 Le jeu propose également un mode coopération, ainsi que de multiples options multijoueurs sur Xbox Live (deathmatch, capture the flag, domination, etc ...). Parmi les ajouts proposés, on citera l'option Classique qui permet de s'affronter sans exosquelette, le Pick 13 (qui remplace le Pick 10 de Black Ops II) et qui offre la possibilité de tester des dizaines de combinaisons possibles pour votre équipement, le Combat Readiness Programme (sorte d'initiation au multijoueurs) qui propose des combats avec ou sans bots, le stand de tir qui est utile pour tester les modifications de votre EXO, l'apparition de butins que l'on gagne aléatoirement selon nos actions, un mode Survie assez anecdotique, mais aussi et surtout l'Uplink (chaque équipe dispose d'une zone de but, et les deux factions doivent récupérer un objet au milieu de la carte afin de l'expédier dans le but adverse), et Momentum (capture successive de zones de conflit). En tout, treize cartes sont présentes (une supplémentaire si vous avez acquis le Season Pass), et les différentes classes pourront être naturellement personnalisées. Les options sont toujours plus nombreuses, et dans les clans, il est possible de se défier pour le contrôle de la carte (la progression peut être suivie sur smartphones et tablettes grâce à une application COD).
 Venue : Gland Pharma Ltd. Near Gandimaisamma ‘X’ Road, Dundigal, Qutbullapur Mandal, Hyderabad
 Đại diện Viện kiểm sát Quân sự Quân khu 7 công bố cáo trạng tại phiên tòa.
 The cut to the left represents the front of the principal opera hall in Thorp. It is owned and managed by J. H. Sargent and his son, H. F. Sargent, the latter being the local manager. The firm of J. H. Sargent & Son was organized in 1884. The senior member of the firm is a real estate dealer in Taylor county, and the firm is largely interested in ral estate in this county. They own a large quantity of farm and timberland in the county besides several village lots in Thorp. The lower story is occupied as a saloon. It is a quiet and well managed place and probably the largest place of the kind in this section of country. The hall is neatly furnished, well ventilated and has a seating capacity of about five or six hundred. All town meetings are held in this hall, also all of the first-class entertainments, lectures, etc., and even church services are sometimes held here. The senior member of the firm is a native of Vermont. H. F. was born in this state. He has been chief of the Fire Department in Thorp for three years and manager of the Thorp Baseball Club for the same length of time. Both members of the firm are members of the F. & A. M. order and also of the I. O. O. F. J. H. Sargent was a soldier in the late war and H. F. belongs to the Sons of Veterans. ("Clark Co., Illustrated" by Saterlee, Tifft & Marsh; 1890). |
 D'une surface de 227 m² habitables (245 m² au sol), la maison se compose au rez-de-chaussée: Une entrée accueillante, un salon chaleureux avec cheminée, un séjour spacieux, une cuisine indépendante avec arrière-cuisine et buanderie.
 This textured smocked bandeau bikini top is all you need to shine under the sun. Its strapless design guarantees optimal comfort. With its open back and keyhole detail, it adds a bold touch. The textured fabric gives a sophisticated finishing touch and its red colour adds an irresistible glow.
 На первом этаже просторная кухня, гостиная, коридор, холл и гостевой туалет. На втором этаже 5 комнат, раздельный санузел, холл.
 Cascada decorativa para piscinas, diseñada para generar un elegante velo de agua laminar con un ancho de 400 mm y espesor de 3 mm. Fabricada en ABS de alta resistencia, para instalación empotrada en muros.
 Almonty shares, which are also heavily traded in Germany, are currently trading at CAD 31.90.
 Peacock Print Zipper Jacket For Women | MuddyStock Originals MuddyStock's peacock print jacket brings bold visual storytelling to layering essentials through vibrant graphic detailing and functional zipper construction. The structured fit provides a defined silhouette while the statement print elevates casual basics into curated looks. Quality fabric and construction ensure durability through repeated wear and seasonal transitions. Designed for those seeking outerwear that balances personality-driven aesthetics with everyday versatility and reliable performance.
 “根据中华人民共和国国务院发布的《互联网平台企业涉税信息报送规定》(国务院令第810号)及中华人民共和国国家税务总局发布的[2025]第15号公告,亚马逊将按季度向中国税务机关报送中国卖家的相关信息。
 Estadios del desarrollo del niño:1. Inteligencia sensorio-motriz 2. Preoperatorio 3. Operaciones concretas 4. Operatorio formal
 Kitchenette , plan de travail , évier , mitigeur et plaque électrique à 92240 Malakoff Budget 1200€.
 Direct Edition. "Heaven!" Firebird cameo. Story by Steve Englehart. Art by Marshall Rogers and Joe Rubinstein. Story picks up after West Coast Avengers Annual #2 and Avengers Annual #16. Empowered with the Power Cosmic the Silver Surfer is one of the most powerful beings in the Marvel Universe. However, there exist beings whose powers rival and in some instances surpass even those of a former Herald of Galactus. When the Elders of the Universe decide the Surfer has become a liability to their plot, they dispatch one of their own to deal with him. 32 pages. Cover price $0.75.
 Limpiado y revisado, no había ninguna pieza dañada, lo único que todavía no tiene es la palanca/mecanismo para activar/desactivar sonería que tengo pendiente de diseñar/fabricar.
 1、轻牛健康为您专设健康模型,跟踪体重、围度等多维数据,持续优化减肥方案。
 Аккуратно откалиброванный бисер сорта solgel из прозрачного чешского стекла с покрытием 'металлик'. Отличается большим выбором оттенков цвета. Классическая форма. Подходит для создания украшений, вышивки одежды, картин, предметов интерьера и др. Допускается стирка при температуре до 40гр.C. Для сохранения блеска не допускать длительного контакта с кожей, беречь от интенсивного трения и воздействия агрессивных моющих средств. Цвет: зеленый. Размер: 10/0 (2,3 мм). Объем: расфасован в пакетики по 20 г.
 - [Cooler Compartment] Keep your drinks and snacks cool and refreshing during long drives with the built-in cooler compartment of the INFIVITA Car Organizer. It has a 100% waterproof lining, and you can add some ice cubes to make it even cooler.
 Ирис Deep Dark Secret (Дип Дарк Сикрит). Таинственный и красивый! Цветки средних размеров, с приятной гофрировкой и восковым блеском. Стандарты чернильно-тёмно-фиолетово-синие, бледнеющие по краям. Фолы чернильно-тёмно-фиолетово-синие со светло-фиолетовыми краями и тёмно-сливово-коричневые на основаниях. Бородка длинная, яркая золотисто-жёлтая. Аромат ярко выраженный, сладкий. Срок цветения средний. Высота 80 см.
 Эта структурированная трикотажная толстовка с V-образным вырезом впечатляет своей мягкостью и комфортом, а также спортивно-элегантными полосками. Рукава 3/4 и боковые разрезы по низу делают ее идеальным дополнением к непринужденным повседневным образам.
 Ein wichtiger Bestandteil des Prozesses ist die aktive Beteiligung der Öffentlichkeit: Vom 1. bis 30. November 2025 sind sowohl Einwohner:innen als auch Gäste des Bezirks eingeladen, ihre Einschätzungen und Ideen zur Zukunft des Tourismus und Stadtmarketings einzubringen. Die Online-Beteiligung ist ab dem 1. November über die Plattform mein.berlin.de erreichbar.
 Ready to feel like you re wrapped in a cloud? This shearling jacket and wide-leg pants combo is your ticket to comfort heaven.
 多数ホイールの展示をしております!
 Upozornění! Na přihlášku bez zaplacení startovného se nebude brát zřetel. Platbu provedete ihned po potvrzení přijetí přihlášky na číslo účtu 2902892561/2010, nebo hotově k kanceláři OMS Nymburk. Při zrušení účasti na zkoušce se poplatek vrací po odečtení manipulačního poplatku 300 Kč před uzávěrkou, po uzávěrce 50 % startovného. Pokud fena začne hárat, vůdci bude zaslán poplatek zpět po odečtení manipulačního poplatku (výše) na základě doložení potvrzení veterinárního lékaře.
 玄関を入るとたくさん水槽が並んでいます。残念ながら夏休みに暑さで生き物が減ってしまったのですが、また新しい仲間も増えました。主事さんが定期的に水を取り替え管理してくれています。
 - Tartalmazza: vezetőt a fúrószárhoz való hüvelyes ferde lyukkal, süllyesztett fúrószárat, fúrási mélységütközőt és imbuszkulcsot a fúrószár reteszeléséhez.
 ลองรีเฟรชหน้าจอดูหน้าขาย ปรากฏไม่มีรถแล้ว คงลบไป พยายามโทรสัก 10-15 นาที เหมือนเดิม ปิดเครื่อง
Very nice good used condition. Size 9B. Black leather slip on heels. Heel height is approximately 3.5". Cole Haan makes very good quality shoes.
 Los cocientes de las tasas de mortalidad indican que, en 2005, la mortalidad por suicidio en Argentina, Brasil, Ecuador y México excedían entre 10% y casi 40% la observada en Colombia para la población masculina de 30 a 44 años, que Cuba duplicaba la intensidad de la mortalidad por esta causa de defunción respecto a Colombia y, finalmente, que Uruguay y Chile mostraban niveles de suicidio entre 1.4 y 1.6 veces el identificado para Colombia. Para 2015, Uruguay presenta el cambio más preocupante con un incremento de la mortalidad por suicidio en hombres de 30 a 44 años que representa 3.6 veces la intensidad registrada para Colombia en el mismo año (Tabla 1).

What you need to do
Beginning at the line with "Very nice good", write out each line exactly as it stands until the listing ends, and add nothing.

Solution to this task
Very nice good used condition. Size 9B. Black leather slip on heels. Heel height is approximately 3.5". Cole Haan makes very good quality shoes.
 Los cocientes de las tasas de mortalidad indican que, en 2005, la mortalidad por suicidio en Argentina, Brasil, Ecuador y México excedían entre 10% y casi 40% la observada en Colombia para la población masculina de 30 a 44 años, que Cuba duplicaba la intensidad de la mortalidad por esta causa de defunción respecto a Colombia y, finalmente, que Uruguay y Chile mostraban niveles de suicidio entre 1.4 y 1.6 veces el identificado para Colombia. Para 2015, Uruguay presenta el cambio más preocupante con un incremento de la mortalidad por suicidio en hombres de 30 a 44 años que representa 3.6 veces la intensidad registrada para Colombia en el mismo año (Tabla 1).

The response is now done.